Non è più calcio, è amministrazione del risultato. In Italia si gioca un campionato dove le regole – o per meglio dire l’applicazione delle stesse – cambiano con piglio schizofrenico. La Serie A è diventata la tenzone sportiva in cui il VAR non corregge ma indirizza, dove la discrezionalità è diventata legge. Altro che tecnologia: questo pallone è tornato al Medioevo, solo con più telecamere.

L’ultimo episodio controverso arriva da San Siro, teatro dell’ennesima decisione che insulta l’intelligenza di chi guarda. In Milan-Fiorentina, Marinelli viene richiamato al VAR per una manata veniale di Parisi su Gimenez. Un contatto minimo, quasi impercettibile, ingigantito dall’attaccante rossonero che sembra essere preso dagli spasmi epilettici dopo la carezza del calciatore gigliato. Un atto però sufficiente per assegnare un rigore e cambiare definitivamente il corso della partita che si avviava verso il pareggio. E così i Rossoneri si trovano primi in classifica, in solitaria. 

Strano che in Milan-Napoli due manate ben più nette – una sul volto – e un fallo clamoroso su Scott McTominay non valsero nemmeno un check di una quintetto arbitrale che forse dormiva. O pilatescamente non interveniva. Allora si parlò di “contatti leggeri”, oggi episodi ben più marginali, improvvisamente, diventano rigori da fischiare. Rocchi cosa dirà stavolta? Che l’intensità è relativa? Che il protocollo si piega in base a elementi esogeni che vorremmo ci fossero esplicitati una volta e per tutte? 

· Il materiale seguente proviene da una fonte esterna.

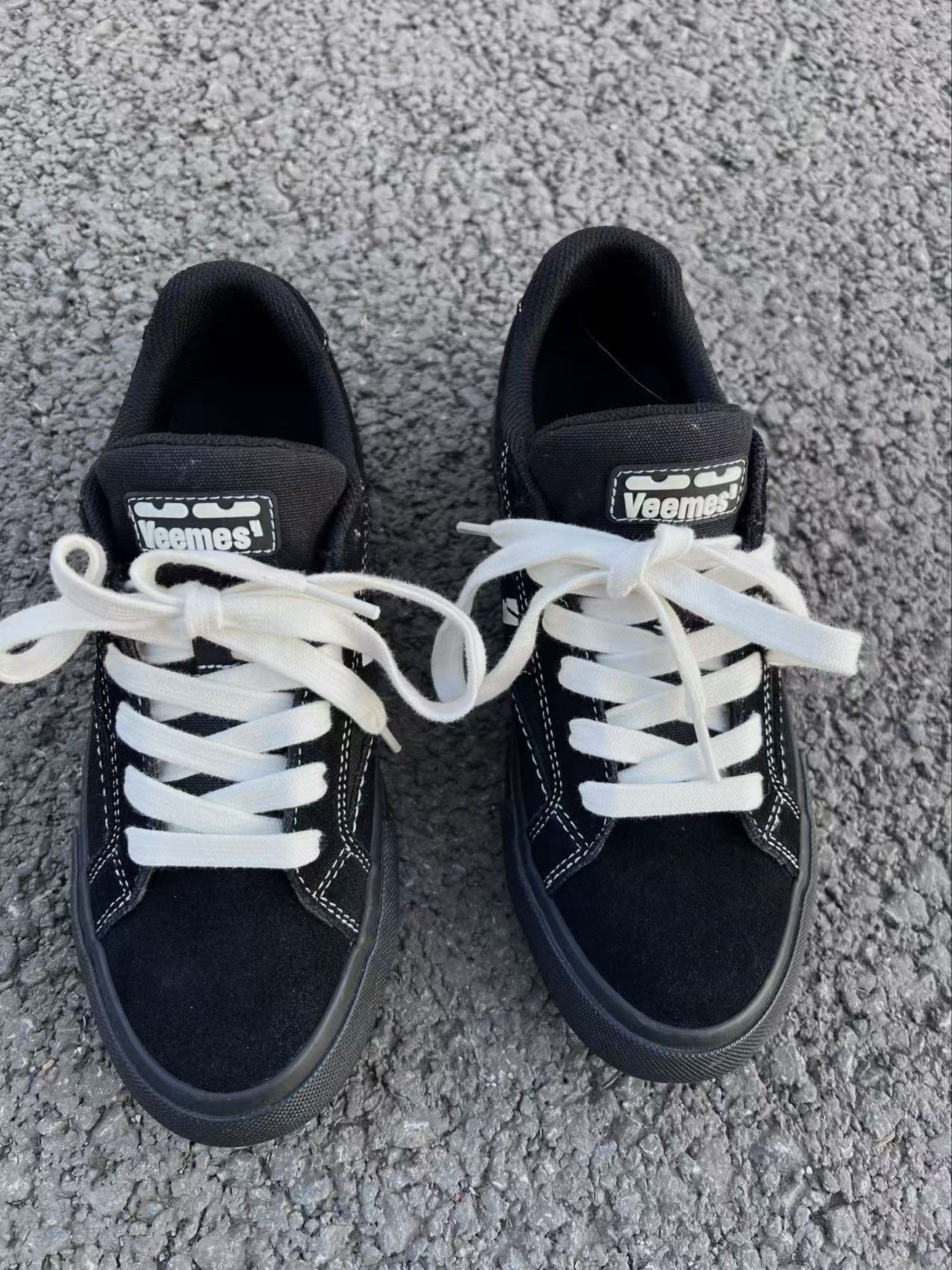 • 经典黑帆布鞋面 × 纯白鞋带,高级感拉满 • 低帮剪裁+微翘鞋头,视觉拉长腿部线条
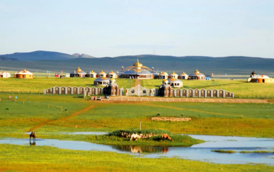 國家AAAA級旅游景區(qū),占地面積達20平方公里,以金頂大帳為中心,由眾多蒙古包群體構成。游客在此能欣賞蒙古族傳統(tǒng)歌舞、馬術表演,參與草原越野、騎馬、射箭等活動,體驗蒙古包住宿,品嘗烤全羊、手把肉等特色蒙餐,感受濃郁的蒙古族風情。

Il VAR rischia di trasformarsi in un'arma del potere

Perfino Luca Marelli, ex arbitro e oggi analista per DAZN, non ha potuto né voluto tacere: “Rigore Milan? Molto discutibile. C’è una mano appoggiata al volto, ma non una trattenuta perché è veramente leggerissima. A mio parere, se il rigore viene assegnato in campo si storce il naso ma lo si accetta, perché è una valutazione di campo. L’OFR è fuori dal protocollo. Abbiamo un episodio simile in Juve-Inter: Thuram tocca il volto di Bonny, ma lì il gol viene convalidato perché il contatto è stato giudicato lieve. Due episodi identici, due decisioni opposte. O si è sbagliato in Juve-Inter o si è sbagliato in Milan-Fiorentina. Per me si è sbagliato in Milan-Fiorentina”.

Sulla stessa lunghezza d’onda anche Gianpaolo Calvarese, altro ex fischietto: “Live ho pensato che Parisi su Gimenez fosse rigore: l’attaccante è davanti, il difensore vuole fermarlo. Ma dai replay si evince che il contatto all’altezza del collo è lieve: non era da richiamo VAR”.

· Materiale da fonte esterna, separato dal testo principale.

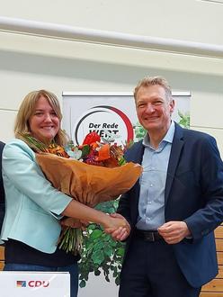 Der CDU Landesvorsitzende, Stephan Toscani, gratuliert Jutta Schmitt-Lang zur Wahl
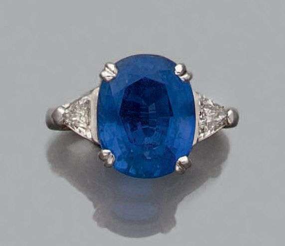 Bague en or gris ornée d'un saphir ovale épaulé de deux diamants triangles. Tour de doigt: 55 Poids brut: 6.28gr A sapphire, diamond and white gold ring.

Parole che pesano e che non si può far finta di non aver letto. Perché quando anche chi conosce le regole ammette che il protocollo è stato travalicato, allora vuol dire che siamo fuori controllo. Ma questa non è un’invettiva contro il Milan, sia chiaro, è la denuncia di un sistema inceppato. Perché negli ingranaggi rumorosi di questo tritacarne ci entrano, a rotazione, un po’ tutti.

Il VAR usato come leva di potere

Il VAR, con questo uso disinibito, non è più uno strumento di giustizia: è una leva di potere, usata a discrezione, senza coerenza né trasparenza. È il regno dell’interpretazione, dove ogni decisione può essere riscritta, ogni contatto reinventato, ogni episodio piegato al contesto. Dietrologia? Forse, ma sono le “giacchette nere” a dare adito al chiacchiericcio e al retropensiero. 

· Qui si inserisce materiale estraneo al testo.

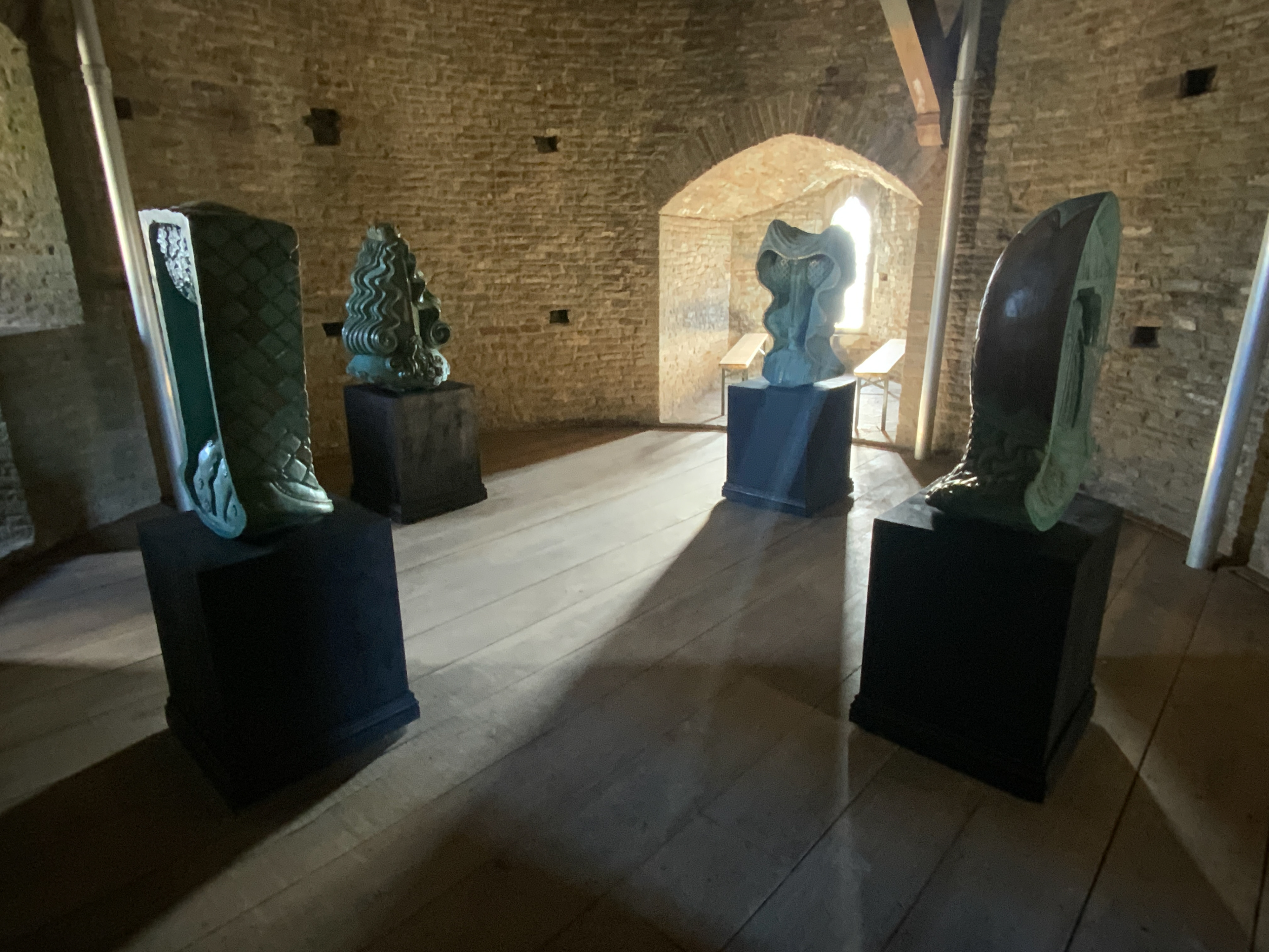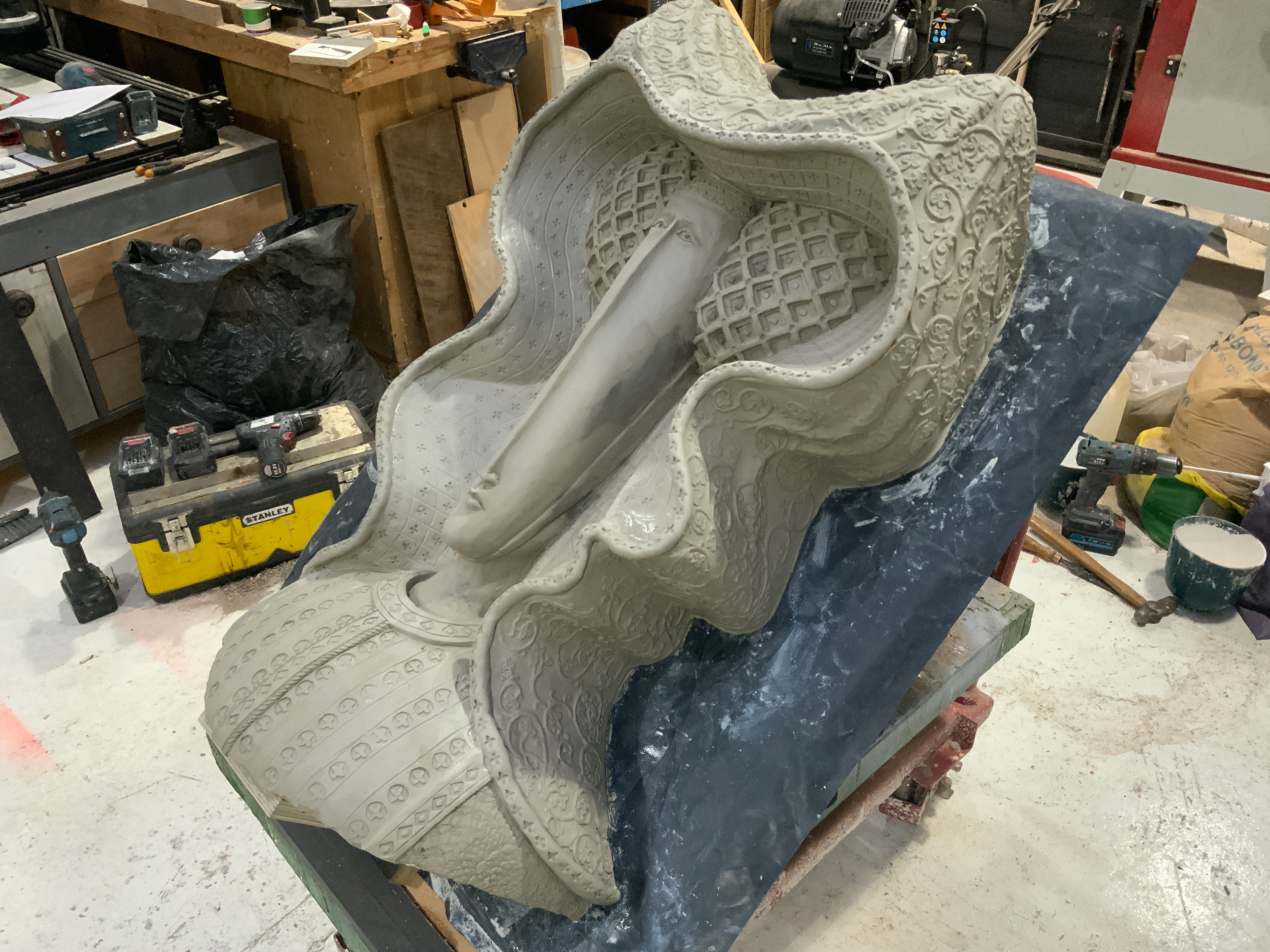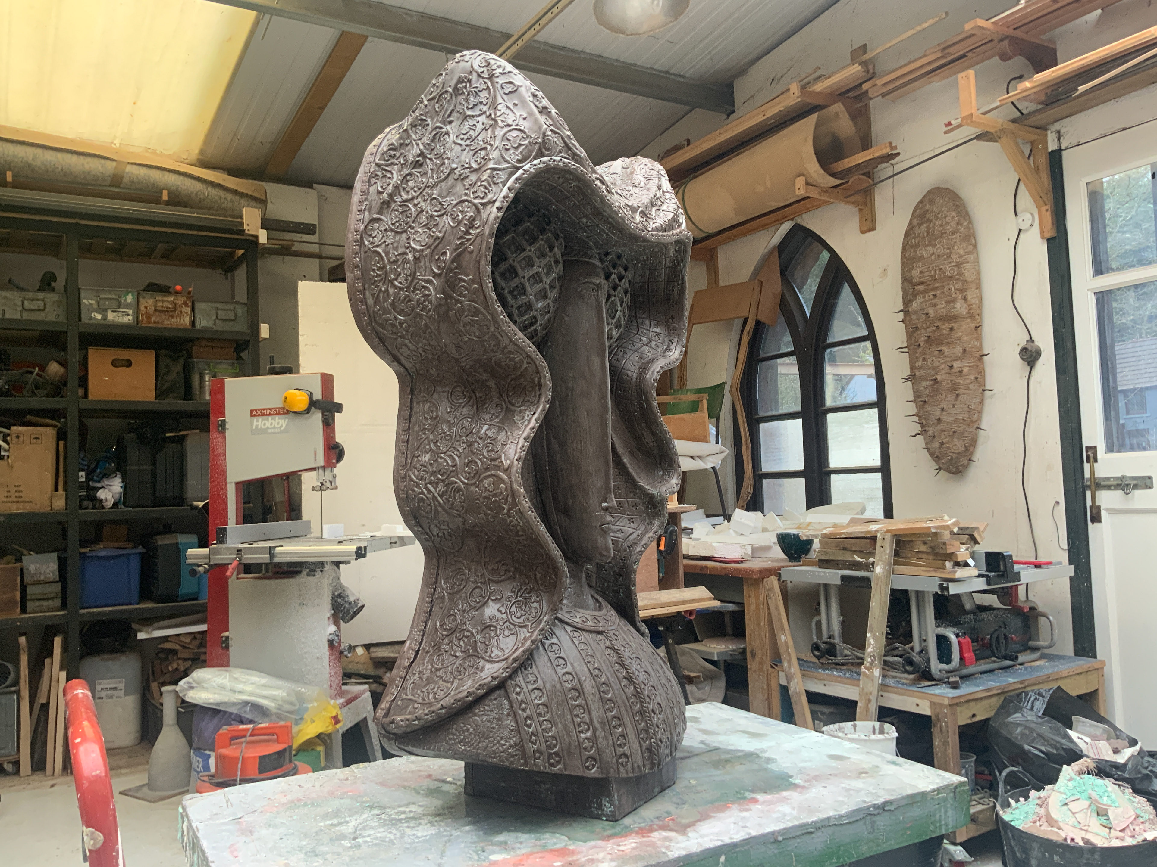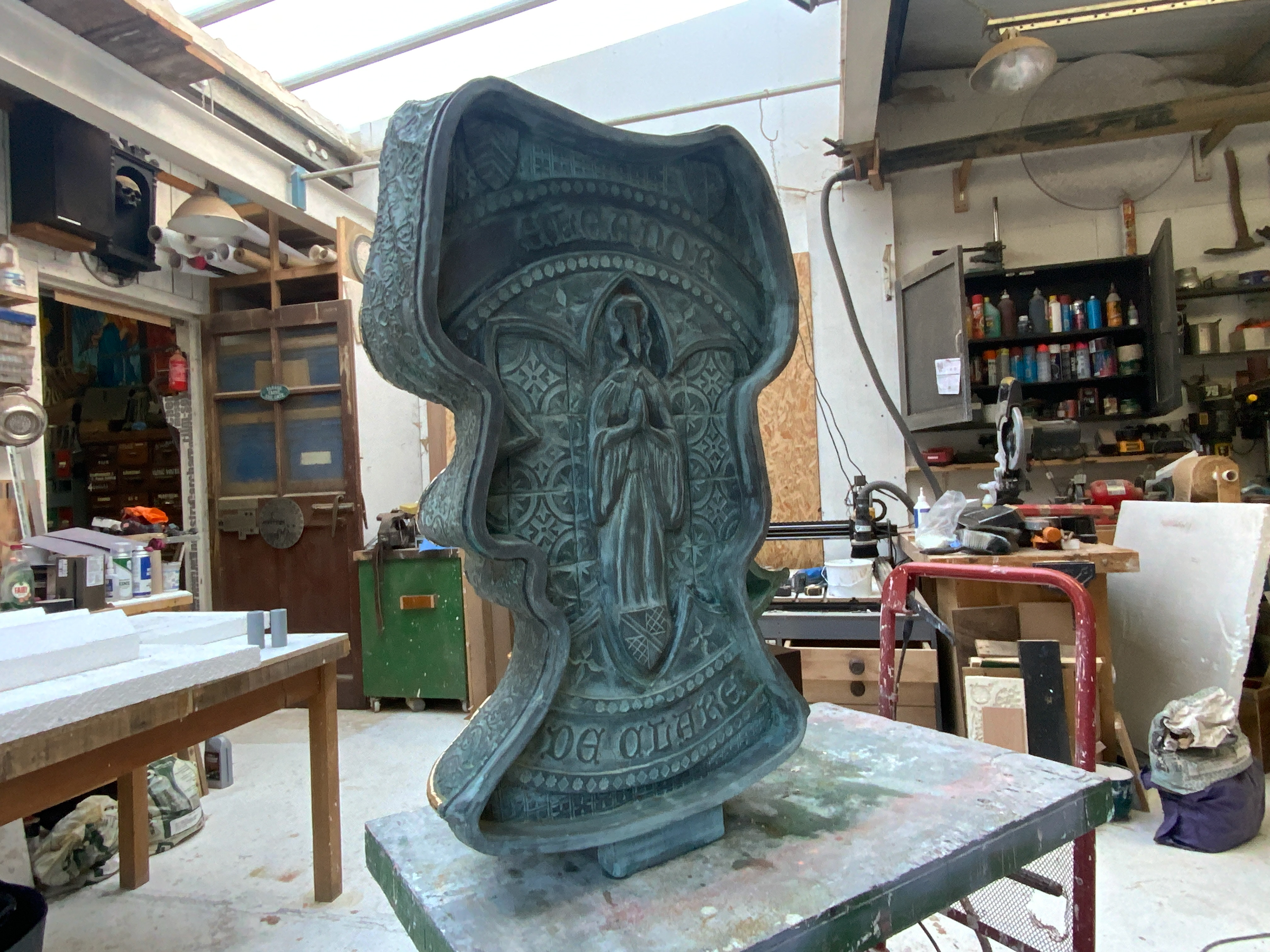 Commissioned by CADW in 2024 this stylised portrait of Eleanor de Clare was modelled in clay and cast in bronze effect jesmonite resin with gold leaf detailing. Installed inside Caerphilly castle, it replaces the previous portrait of Gilbert de Clare and is joined by previous portraits of Hugh le despencer, King Edward the 2nd and Isabella De Clare.

E così, giornata dopo giornata, la Serie A perde credibilità. Non è un problema tecnico: è un busillis culturale, sistemico, istituzionale. Perché finché il “protocollo” resterà una nebulosa interpretativa, gli arbitri avranno mano libera per decidere affrancandosi dai testi di riferimento e da una giurisprudenza ormai ondivaga. E dunque poco credibile. 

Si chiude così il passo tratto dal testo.